Read the entire article (or watch the video: 35 minutes.)

And what does a dragonfly want? Supper! And it takes less than a second to catch it. Watch the Science Nation video. And don't miss the frustrated frog (about 49 seconds in); hilarious, if not so much for the frog.

How does a baby bird make his wants known? Well, sometimes, his mother gives him a password. Even before he's hatched out of the egg!
Colombelli-Négrel et al. show that superb fairy wrens go one step further by singing a specific incubation song to their in-egg embryos, which helps them to oust parasitizing cuckoo chicks that have not learned the brood's “password.” To ensure that both parents are in the know, females also incorporated their incubation song into begging calls given to their male partners, resulting in males also being more parental to chicks singing the right song.
 The entire (brief) article is at ScienceMag.org. I think registration is required, but it's free and fast, and gives you access to years of interesting science news.

And on to the wishes pretty pictures! First up; a whole passel of brilliant sea spiders. They're not really spiders, but Pycnogonids, but they sure look spidery. And yes, we have them in BC, too, but sadly (for me) not in the intertidal zone. These, for example, live at a depth of 2200 metres (1.4 miles).

Vent sea spider.
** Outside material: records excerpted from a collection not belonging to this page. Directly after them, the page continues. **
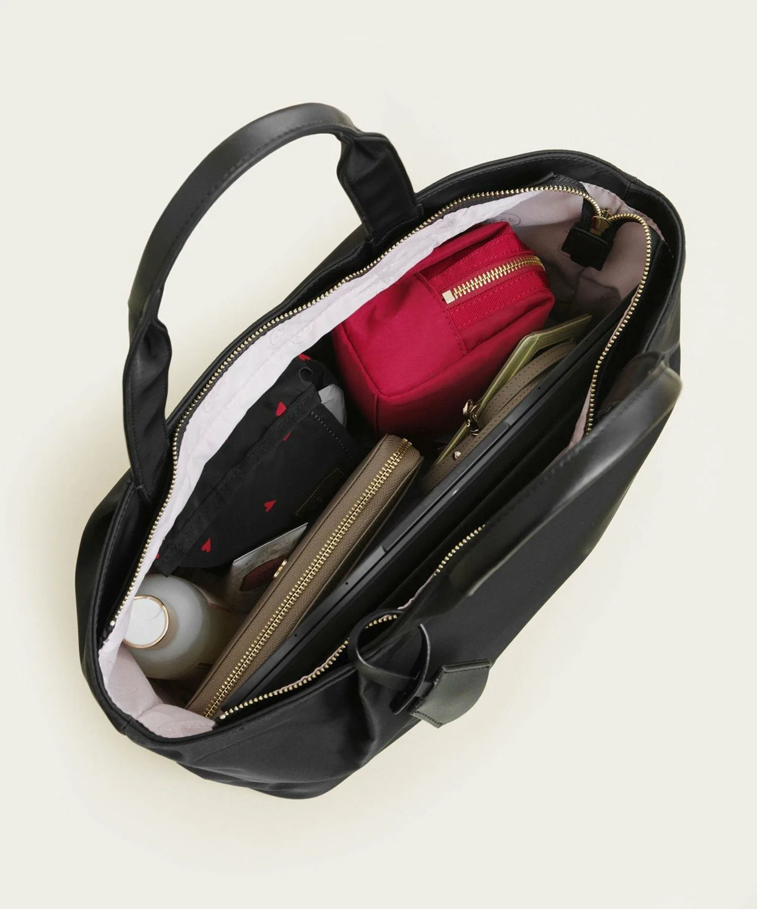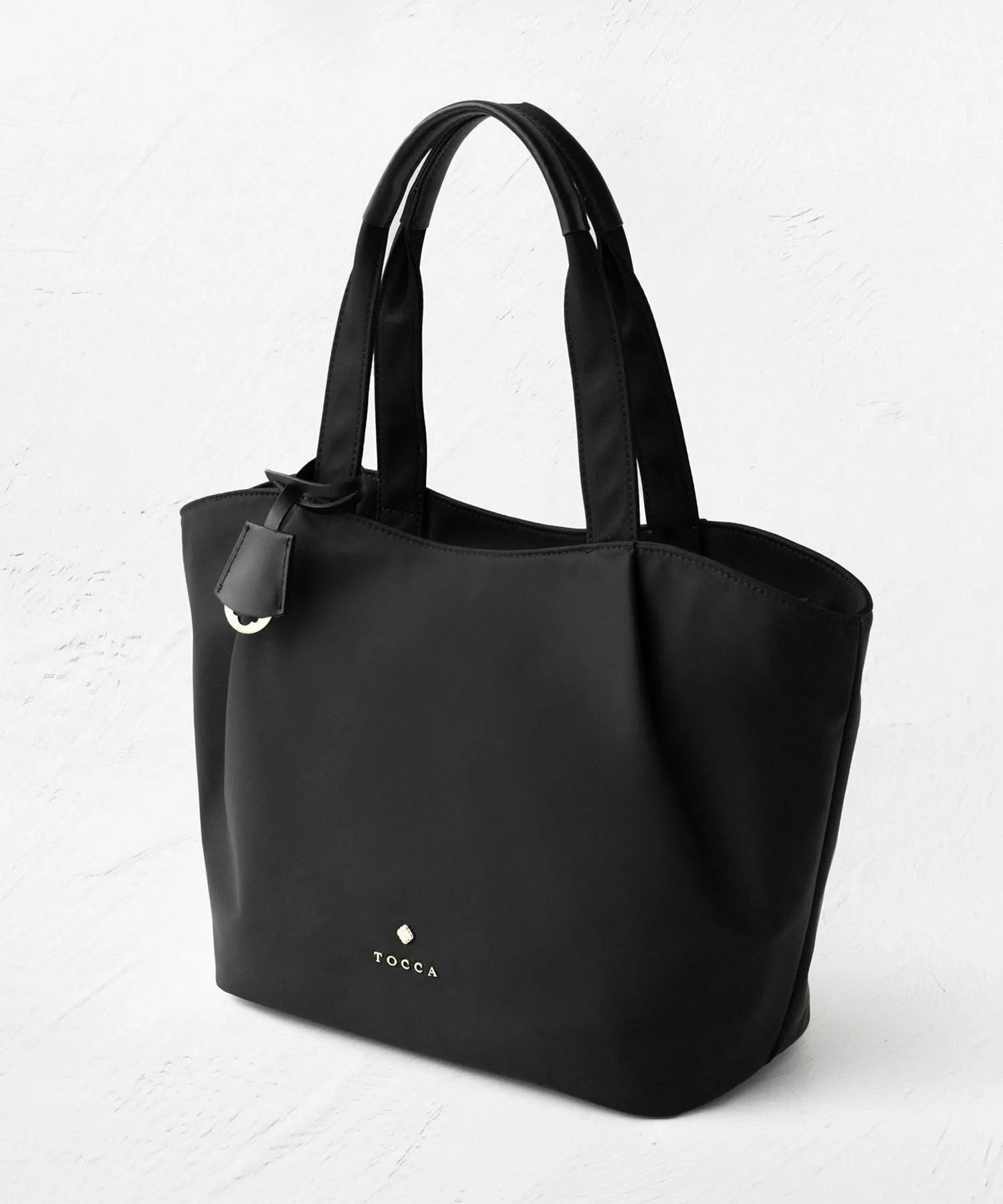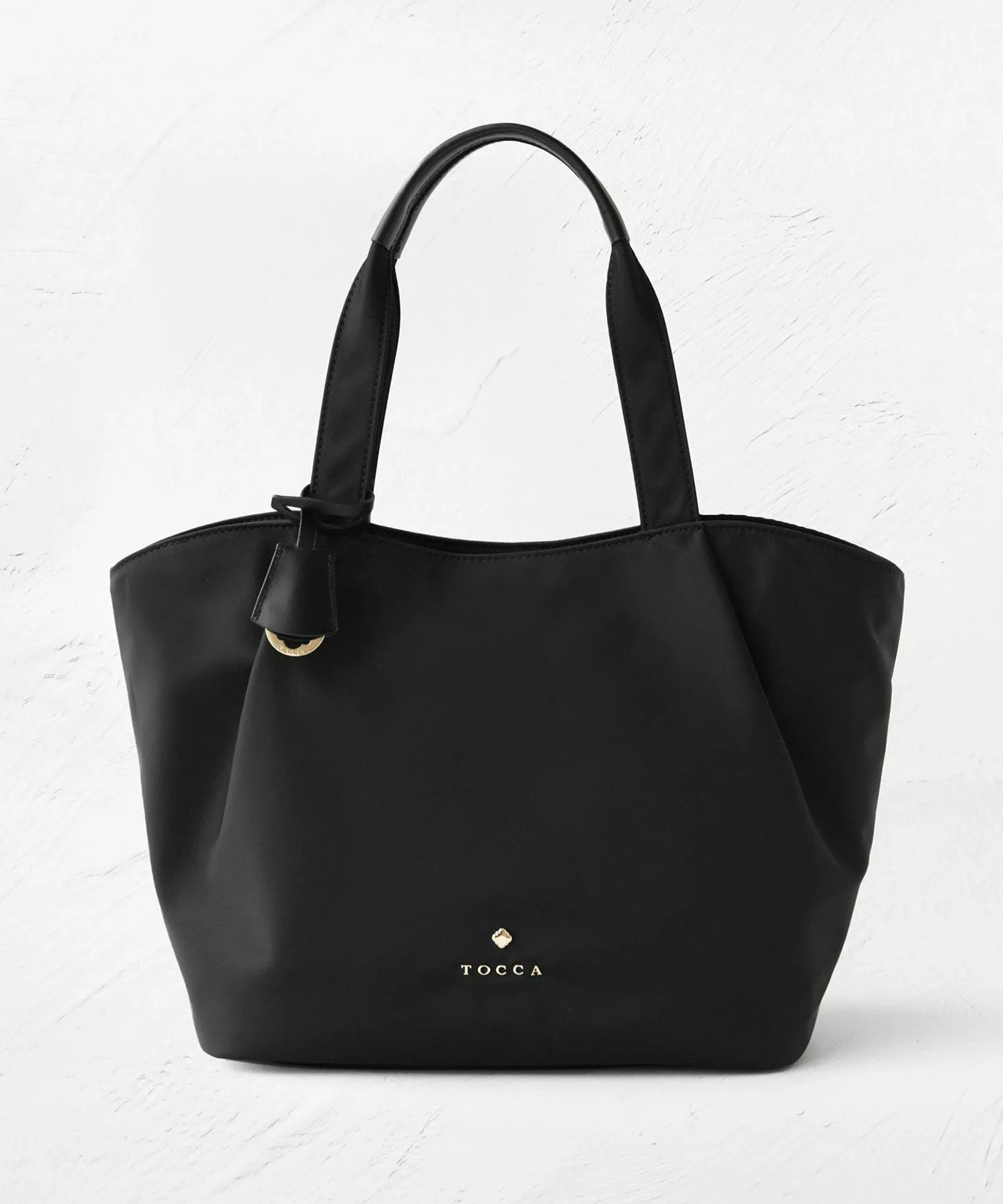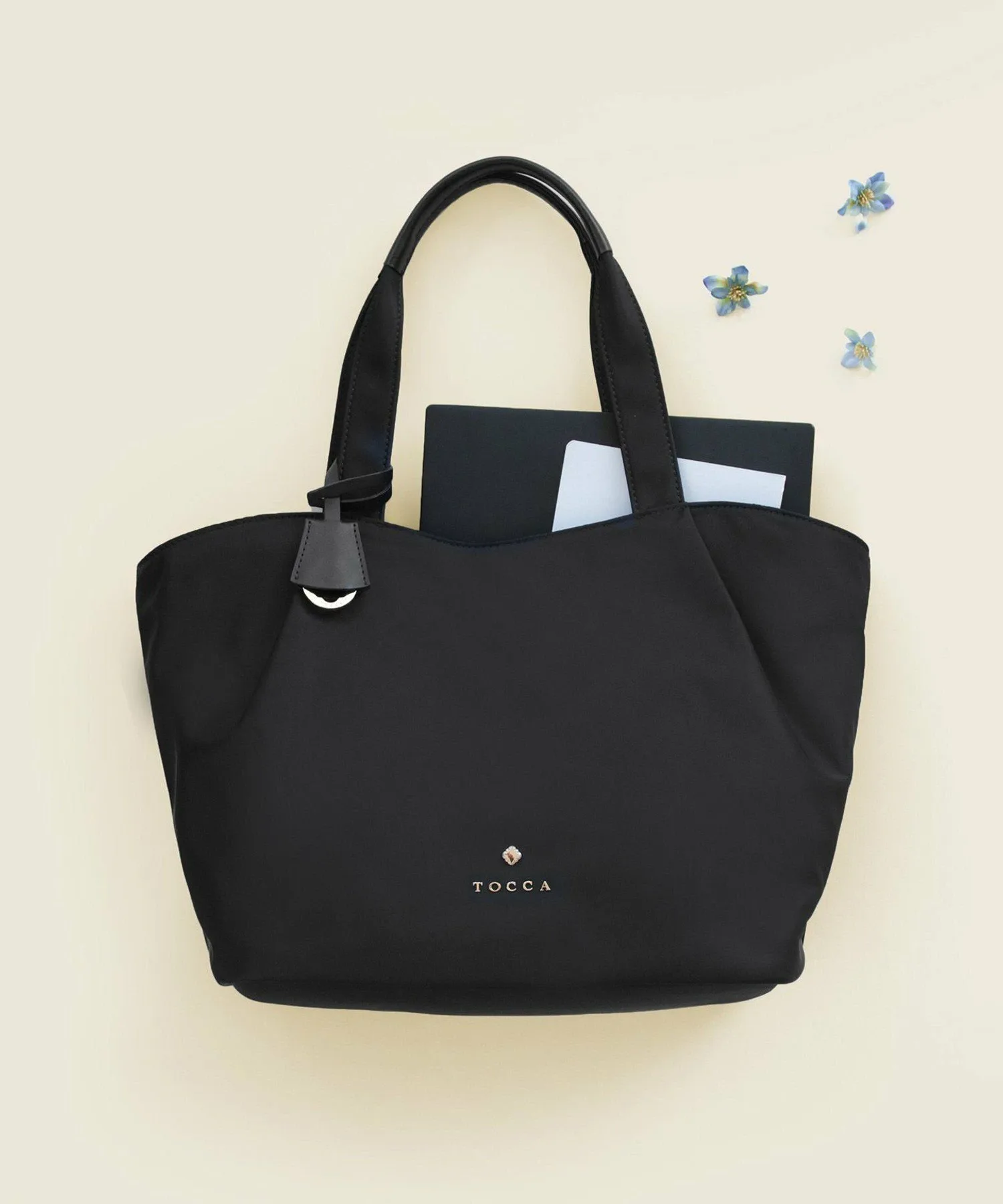 Эта нейлоновая сумка-тоут имеет красивую, воздушную форму, напоминающую прекрасный цветок, готовый распуститься. Мягкие изгибы отверстия создают нежное выражение, а металлический логотип в виде клевера на передней части и кольцо для ключей в виде клевера на ручке добавляют роскоши. Удобный размер позволяет легко носить документы формата А4 на плече, а также сумка имеет такие удобные функции, как длинная ручка и застежка-молния сверху. Эта вещь добавит элегантности вашим поездкам на работу или повседневной жизни.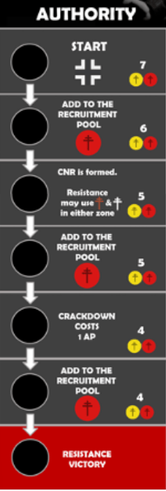 Dan: Authority marks the minimum number of Resistance pieces required on the map for a Resistance victory and the minimum Occupation Resources required for an Occupation victory. As the game progresses, the Resistance will perform Sabotage actions that can reduce the Occupation’s authority (as marked on the track).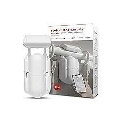 When it comes to curtains, you can get fully motorised curtain rail tracks or there’s a growing range of devices you can retrofit to existing curtains such as the Switchbot below.

Photo from Wikipedia.
Pycnogonids are so small that each of their tiny muscles consists of only one single cell, surrounded by connective tissue.
 More pics: I am always impressed by PSYL's photography; from insects to birds to scenery, he brings it all to life. He was recently working in the extreme north of the Yukon (about 1500 miles north of here, in the Vancouver area), and posted photos of a hike around Ivvavik. Beautiful country, a must-see!

My son-in-law motorcycled up to Inuvik, just a few miles east of there, this summer; did I mention that here? I followed him on Google maps. They had sent one of their trucks up the highway, and I could "stand" on the road and see the country he was driving through. I so wish I could make the trip myself!. All that wide-open space; all that brilliant colour, and the northern lights overhead!

Back to the topic at hand; PSYL's final photos are of tors. I had never heard of these; they're like huge rock walls marching across the landscape. Wikipedia explains how minerals deposited in granite cracks have persisted over millenia, while the granite eroded away to gravel, leaving the huge mineral walls behind.

One final link: someone is missing a large tub of scallop guts. Have you seen it?